De todas formas, los fines de semana Susi venía a estar con nosotros en el mar. La sirena llegaba y las olas se hacían más bellas. Los paseos por la playa pasaban de ser solitarios a compartidos. Dos modalidades diferentes a las cuales estoy acostumbrado en mi vida con ella.

En Montauk la playa y el mar lo eran todo para mí. Aunque, existía una piscina que atraía de forma especial a mis hijos. Una piscina grande y profunda de agua caliente con un trampolín que hacía sus delicias y las del amigo americano que vivía con nosotros: Duncan. Duncan había coincidido, años antes, con mi hijo, Adi, en un colegio de Manhattan y eran buenos amigos. Se podían pasar horas en el agua por su temperatura caribeña.

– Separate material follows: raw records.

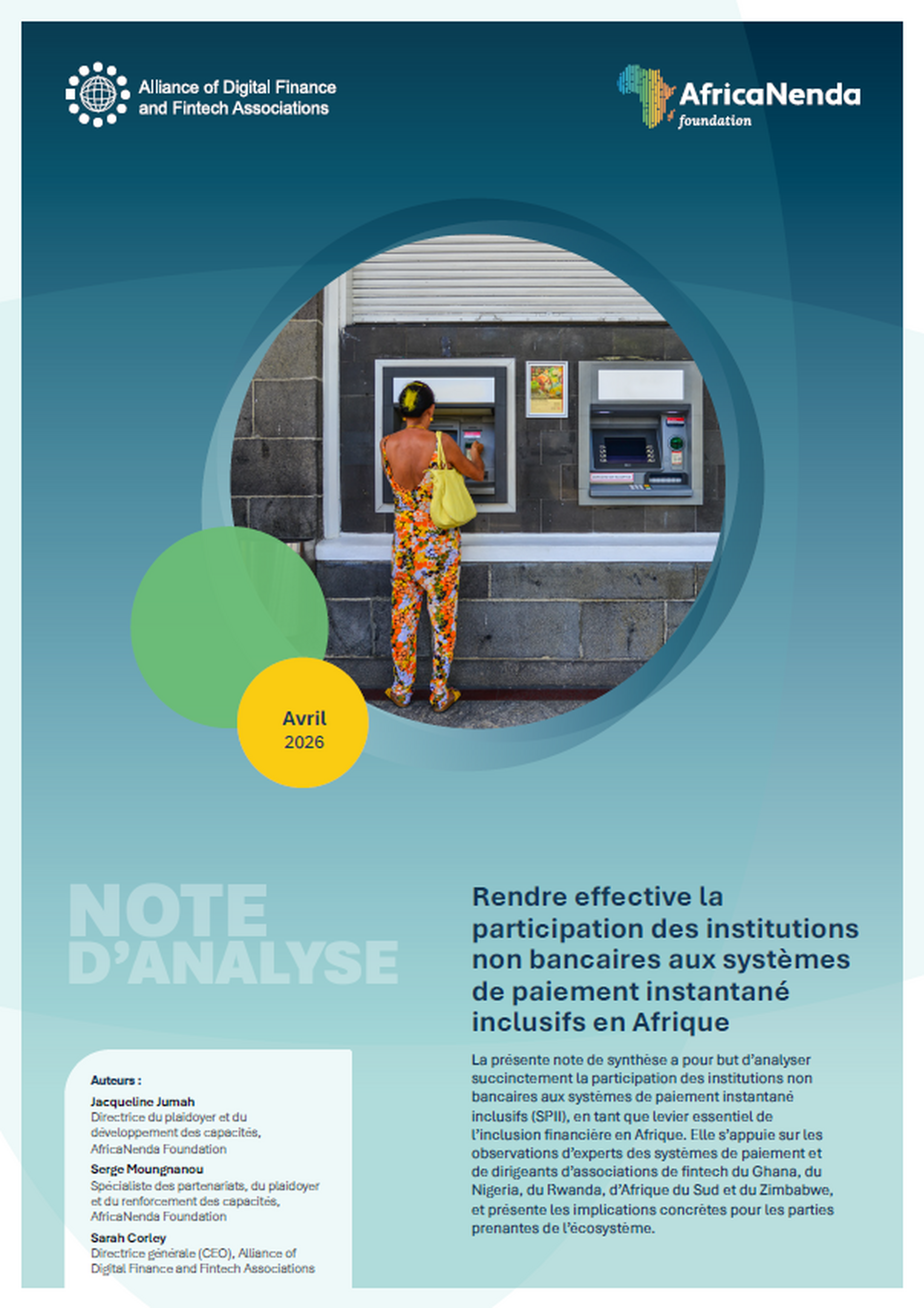 Le paysage des systèmes de paiement instantané (SPI) en Afrique reste largement dominé par les systèmes interdomaines : 18 des 36 SPI nationaux et régionaux sont classés comme interdomaines, selon le rapport « État des systèmes de paiement instantané inclusifs (SIIPS) 2025 ». Cette note de synthèse examine la participation des acteurs non bancaires aux systèmes de paiement instantané inclusifs (SPIi) en tant que facteur clé de l’inclusion financière en Afrique. Elle s’appuie sur les analyses de praticiens des systèmes de paiement et de dirigeants d’associations fintech au Ghana, au Nigéria, au Rwanda, en Afrique du Sud et au Zimbabwe, et présente les implications pour les parties prenantes de l’écosystème. AfricaNenda Foundation et Alliance of Digital Finance and Finteh Associations (AllianceDFA) remercient sincèrement les associations fintech nationales et les représentants du secteur qui ont contribué à ce travail. Nous remercions tout particulièrement les associations fintech du Ghana, du Nigéria, du Rwanda, d’Afrique du Sud et du Zimbabwe pour leur participation à la table ronde de septembre 2025 sur le développement de la participation des acteurs non bancaires aux systèmes de paiement instantané inclusifs en Afrique.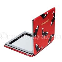 赤に黒いシャチがおしゃれな折り畳み携帯用の手鏡。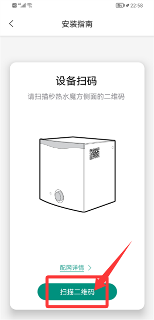 4、最后在设备扫码界面点击扫描二维码,对准设备机身条码完成添加。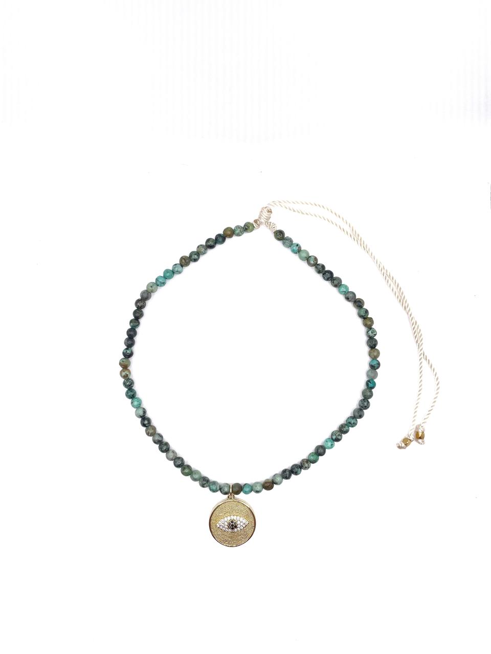Collier en sodalite fait main, orné d’un pendentif œil pavé, idéal à porter seul ou en accumulation.
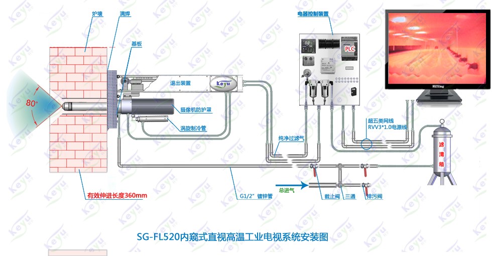 采用自動(dòng)光圈的高溫針孔鏡頭,提高鏡頭對爐內(nèi)照度變化下的敏感度;鏡頭端面采用藍(lán)寶石制成,能耐600℃高溫,即使在意外情況下,也不致于燒壞鏡頭。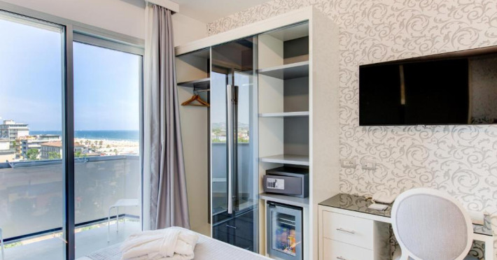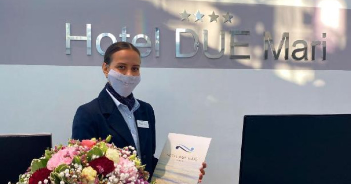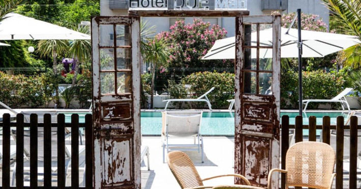 Due Mari se află la malul mării din Miramare și oferă restaurant cu specific regiunii Romagna și piscină in aer liber. Oaspeții beneficiază gratuit de WiFi, parcare și biciclete. Camerele au balcon cu vedere la Marea Adriatică sau piscină.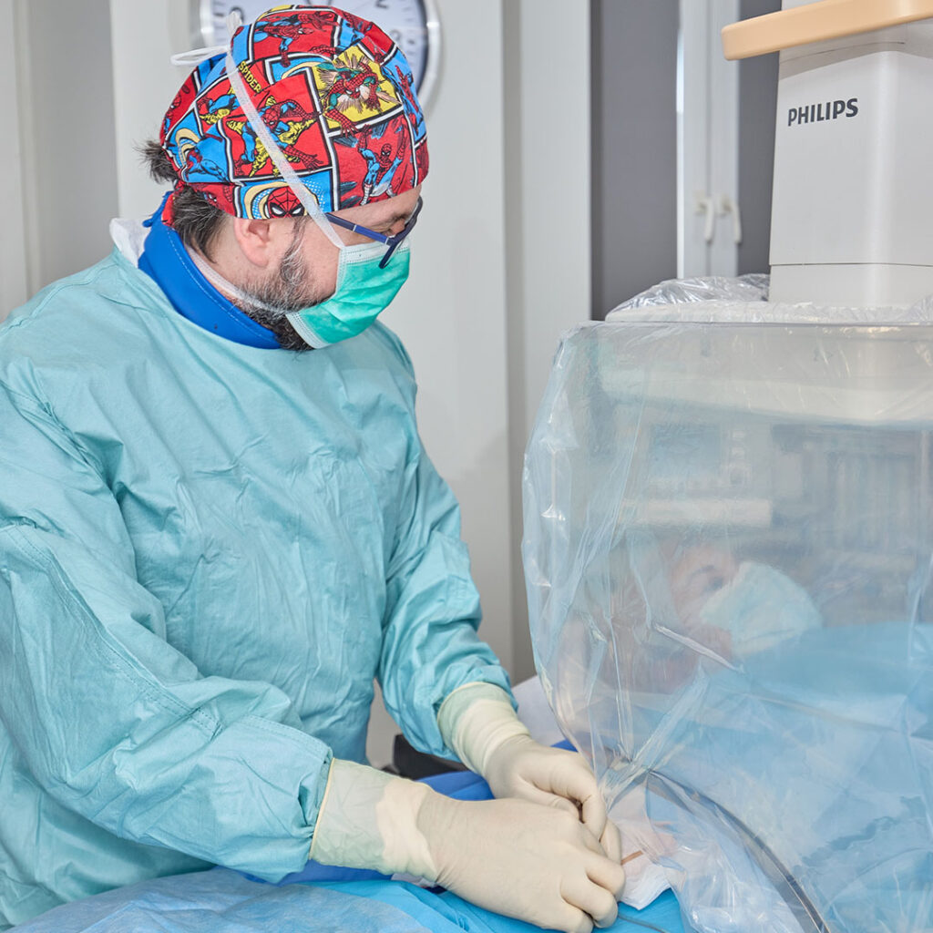 Zabiegi żylne Klinika Flebologii / Usługi / Zabiegi żylne Zabiegi wewnątrzżylne to procedury małoinwazyjne, które poza wysokim profilem bezpieczeństwa, gwarantują najwyższą skuteczność spośród wszystkich metod leczenia chorób żył dostępnych na rynku. Współczesna flebologia oferuje szereg małoinwazyjnych metod leczenia chorób żył. Metody wewnątrzżylne stanowią bezpieczną i skuteczną alternatywę dla klasycznej chirurgii żylnej. Zabiegi tego typu wykonywane są w znieczuleniu miejscowym (zwykle tumescencyjnym), bez konieczności wykonywania rozległych nacięć skórnych, co przekłada się na minimalną traumatyzację tkanek, szybszy powrót do zdrowia oraz lepszy efekt kosmetyczny. W przeciwieństwie do tradycyjnego strippingu żył, procedury wewnątrzżylne przeprowadzane są w warunkach ambulatoryjnych. Pacjent może opuścić Klinikę tego samego dnia i szybko wrócić do codziennych aktywności. Co więcej, nowoczesne techniki charakteryzują się wysoką skutecznością przy znacznie mniejszym ryzyku powikłań. Ultrasonograf Canon (Toshiba) – Klinika Flebologii Embolizacja żylna – Pracownia Naczyniowa Kliniki Flebologii Wskazania flebologiczne do stosowania metod wewnątrzżylnych Zabiegi wewnątrzżylne znajdują zastosowanie w leczeniu szerokiego spektrum schorzeń układu żylnego. Do najczęstszych patologii układu żylnego leczonych tymi metodami zaliczamy: niewydolność żylną kończyn dolnych (C2 – żylaki); powikłaną niewydolność żylną kończyn dolnych (C4-C6); nawrotową chorobę żylną; niewydolność żylną miednicy; żylne zespoły uciskowe; malformacje żylne; zakrzepicę żylną; zespół pozakrzepowy. Zabieg embolizacji żylnej w Pracowni Naczyniowej Kliniki Flebologii w Warszawie. Dr n. med. Cezary Szary Metody termiczne versus nietermiczne W Klinice Flebologii stosujemy zarówno metody nietermiczne, jak i termiczne w leczeniu choroby żylnej kończyn dolnych. Wybór metody lub kombinacji metod (podejście hybrydowe) uzależniony jest od indywidualnych potrzeb Pacjenta i charakteru schorzenia żylnego. Metody nietermiczne skleroterapia igłowa i jej odmiany (płynowa, z użyciem mikropiany, piankowa); skleroterapia cewnikowa prosta; mechano-chemiczna ablacja żył (MOCA); klejenie żył (VenaSeal, VariClose, VenaBlock, VeinOff). Głównymi zaletami metod nietermicznych są brak konieczności stosowania znieczulenia tumescencyjnego oraz minimalne ryzyko uszkodzenia okolicznych tkanek. Metody termiczne laserowa ablacja wewnątrzżylna (EVLA); ablacja termiczna falami radiowymi (RFA); ablacja parą wodną (SVS). Termiczne techniki ablacyjne wykorzystują energię cieplną do zamknięcia niewydolnego segmentu żylnego. Charakteryzują się bardzo wysoką skutecznością długoterminową. Żylaki kończyn dolnych – metody leczenia Laserowa ablacja wewnątrzżylna (EVLA) Laserowa ablacja wewnątrzżylna (EVLA) stanowi złoty standard w małoinwazyjnym leczeniu niewydolności żylnej. Obecnie najskuteczniejsze jest światło laserowe o długości fali 1470 nm. Jest ono szczególnie dobrze absorbowane przez wodę w ścianie żyły, co prowadzi do kontrolowanego uszkodzenia i zamknięcia światła naczynia. Ablacja laserowa wykonywana jest w tumescencyjnym znieczuleniu miejscowym, pod kontrolą aparatury USG wysokiej rozdzielczości. Nowoczesne systemy laserowe z włóknami radialnymi 2-pierścieniowymi zapewniają równomierne rozprowadzenie energii, minimalizując ryzyko perforacji ściany żyły i powikłań termicznych. Skuteczność EVLA sięga 95-98% w obserwacji długoterminowej, co czyni ją jedną z najbardziej niezawodnych metod leczenia żylaków. W badaniach klinicznych (także tych przeprowadzonych w Klinice Flebologii) wykazano, że odsetek rekanalizacji (ponownego udrożnienia) zamykanych żył przy użyciu EVLA jest znacząco niższy niż w przypadku klasycznej operacji chirurgicznej, klejenia żył czy skleroterapii. Co więcej, w przypadku wystąpienia nawrotu choroby żylnej możliwe jest bezpieczne powtórzenie zabiegu. Zabieg laserowej ablacji wewnątrzżylnej systemem ELVeS 1470 nm wykonywany w Klinice Flebologii. Embolizacja żylna i jej rola w leczeniu przyczynowym Embolizacja żylna to przełomowa metoda w leczeniu niewydolności żylnej miednicy – najczęstszej przyczyny niewydolności żylnej kończyn dolnych i zjawiska powodującego objawy zespołu przekrwienia biernego miednicy mniejszej oraz powstawanie żylaków okolic intymnych. Zabiegi embolizacyjne polegają na kontrolowanym i precyzyjnym zamknięciu niewydolnych żył przy użyciu specjalnych spiral lub środków obliterujących, wprowadzanych do światła naczynia pod kontrolą radiologiczną. W kontekście leczenia przyczynowego, embolizacja żylna odgrywa kluczową rolę w następujących sytuacjach klinicznych: żylnych zespołach uciskowych – w połączeniu ze stentowaniem żył lub wenoplastyką żylną umożliwia kompleksowe leczenie zaburzeń hemodynamicznych; niewydolności żylnej miednicy z powodu nadmiernego poszerzenia naczyń – poprzez zamknięcie niewydolnych żył jajnikowych i biodrowych wewnętrznych, eliminuje źródło patologicznego refluksu i przeciążeniowej niewydolności zstępującej; nawrotowej chorobie żylnej – pozwala zlikwidować nieprawidłowe połączenia żylne w miednicy (przecieki żylne), które często są przyczyną nawrotów. Główne zalety embolizacji żylnej to: możliwość dotarcia do trudno dostępnych anatomicznie obszarów układu żylnego; wysoka skuteczność w likwidacji przyczyn refluksu żylnego; minimalnie inwazyjny charakter zabiegu przeprowadzanego w płytkiej sedacji; szybki powrót do normalnej aktywności życiowej (5-10 dni). Zakres cenowy Flebologia Małoinwazyjne zabiegi żylne wykonywane pod kontrolą USG echoskleroterapia cewnikowa żylaków wspomagana tumescencją (jedna noga) ** 1500 zł Umów wizytę echoskleroterapia iniekcyjna żylaków wspomagana tumescencją (j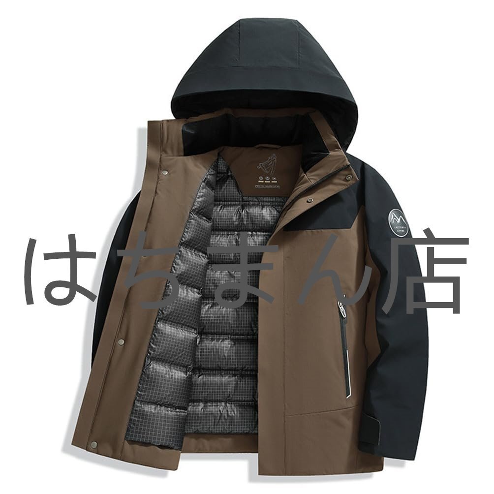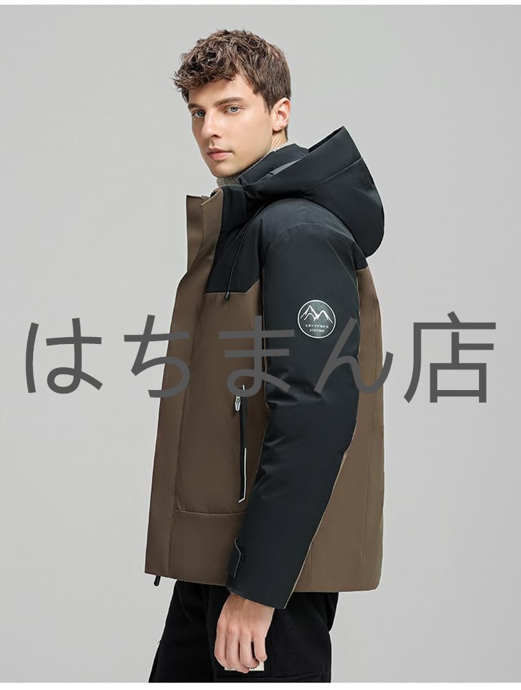 ダウンジャケット メンズ フード付き ジャケット 厚手 ダウンコート アウター 男性 ファッション 秋 冬 防寒 防風 紳士用 ブラウン M-4XL

La piscina se encontraba en la casa de Julian Schnabel, el pintor y cineasta, amigo nuestro. Conocíamos a su mujer, Olatz, y después lo conocimos a él. Tenía hijos de la edad de los nuestros y el surf invadía la atmósfera de amaneceres y atardeceres.
Tengo que reconocer que yo cogía las olas a pelo, lo que los americanos, en su afán de conseguir el significado sintético en una palabra única, llaman “body-surfing”. Para mí, estar con el cuerpo sumergido en la ola, salvo la cabeza expectante, me parecía más salvaje o al menos así lo sentía, que tener que subirme a una tabla con la incomodidad, esfuerzo y pericia que ello suponía. Aunque, la verdad, envidiaba a los que lo hacían pero yo a mí manera me consideraba más prehistórico.